3. “Television is entertaining; reading is educational.”
It may be that reading is far more instructional than seeing and hearing (though, if this is true, it will be an indictment of much of our higher education). But to make this claim is to abandon the control of content which the article took as its initial premise. If we’re going to consider which has more cognitive benefit, we have to consider reading and viewing both primarily for the sake of entertainment. We may do this in accordance with the author’s plan: won’t the author say that reading ends up always or for the most part delivering instruction in addition to entertainment, and in greater quantities? I don’t quite know how to respond to this, because there’s something unfair about it, if not logically, then in spirit: we are begrudged, for example, the entertainment of reading A Game of Thrones, which is redeemed because at the very least we might expand our vocabulary or deepen our appreciation of syntax.
To continue and conclude: what is finally unfair, I suppose, is the feeling that the claim has now been shifted.

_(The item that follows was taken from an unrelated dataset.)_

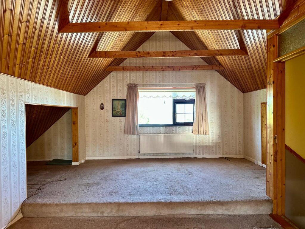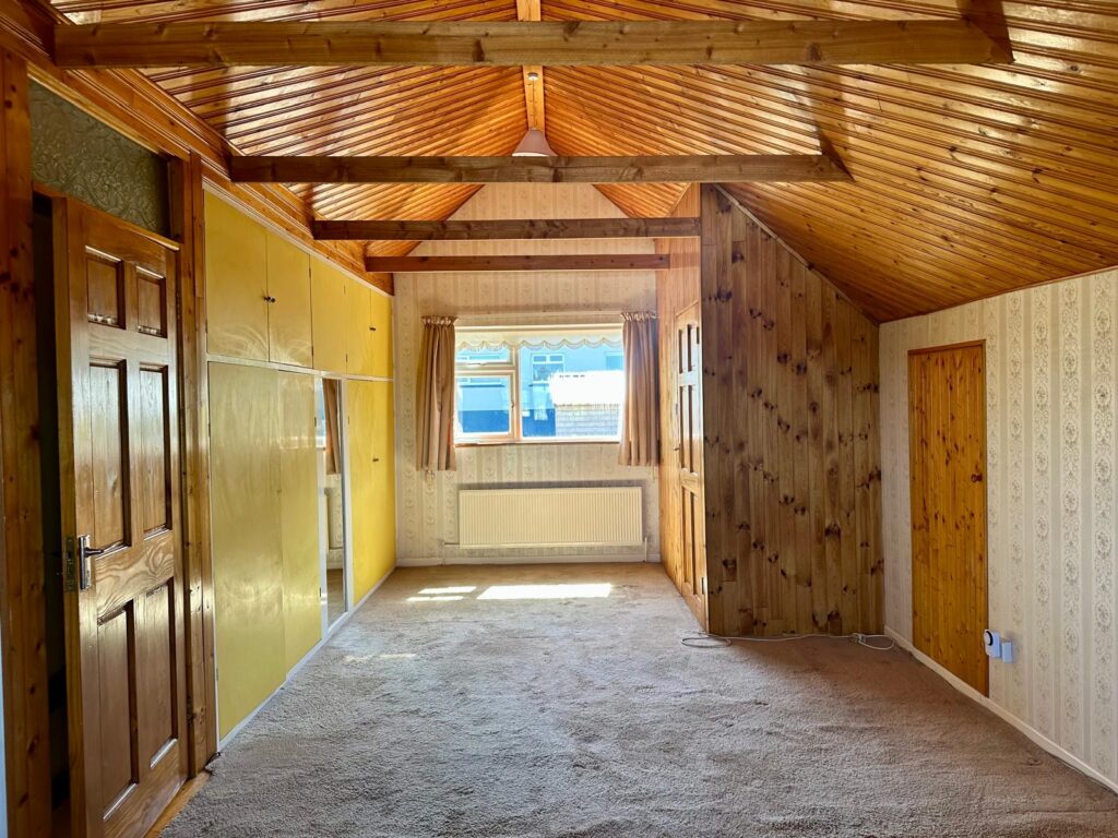 | Large Bedroom | 7.45m x 4.18m | Dual aspect with carpeted flooring. Split level with a step towards the front of house window where the expansive view of the river Slaney estuary can be seen, to the south side of the property is a large amount of built in wardrobes with ample space behind and attic access to the eaves. |

One has picked out beforehand as cognitively valuable precisely those features and skills that reading as a media is best suited to deliver (syntactic complexity, which is much more difficult to express in a temporal than a spatial – that is an auditory than a visual linguistic system; reasoning; variety of register and vocabulary). One then notices that television cannot deliver these and effectively and concludes that reading is superior. All the empirical studies are besides the point, because the real work is being done by these a priori assumptions.
But these assumptions miss out on the reason the majority people are reading and watching television in the first place – to be entertained. The purpose of entertainment is not to improve yourself or anything except release and enjoyment. Criticizing different forms of entertainment for what they are not meant as entertainment to do is a dreary enterprise.
My own feeling is that we give entertainment the place it is due in our lives (easier said than done) and not try to assuage our guilt by half measures: “I’m reading A Game of Thrones instead of watching it, so I’m actually being somewhat productive.”
If mental work is requisite to health and development, then by all means do mental work – but save your energy for something really valuable, like studying Calculus, and don’t waste valuable capital working through a novel when all you want is to entertain yourself.
– But of course, novels, television, games, and sports are all entertaining in their own ways, and we vary our entertainments not because we feel one is healthier than another, but because we have the intuition that exclusive focus on this past-time at the expense of some other is narrow-minded and obsessive.
There is a discussion to be had about the most balanced way to enjoy one’s leisure, in short, but it is not to be confused by the mindset according to which we must maximize our productivity and improvement in whatever we do. There is a whiff about any article of this kind that our leisure activities should be an extension of the self-improvement and profit we seek from our vocation – which I believe is nonsense! But to argue that would require another long essay.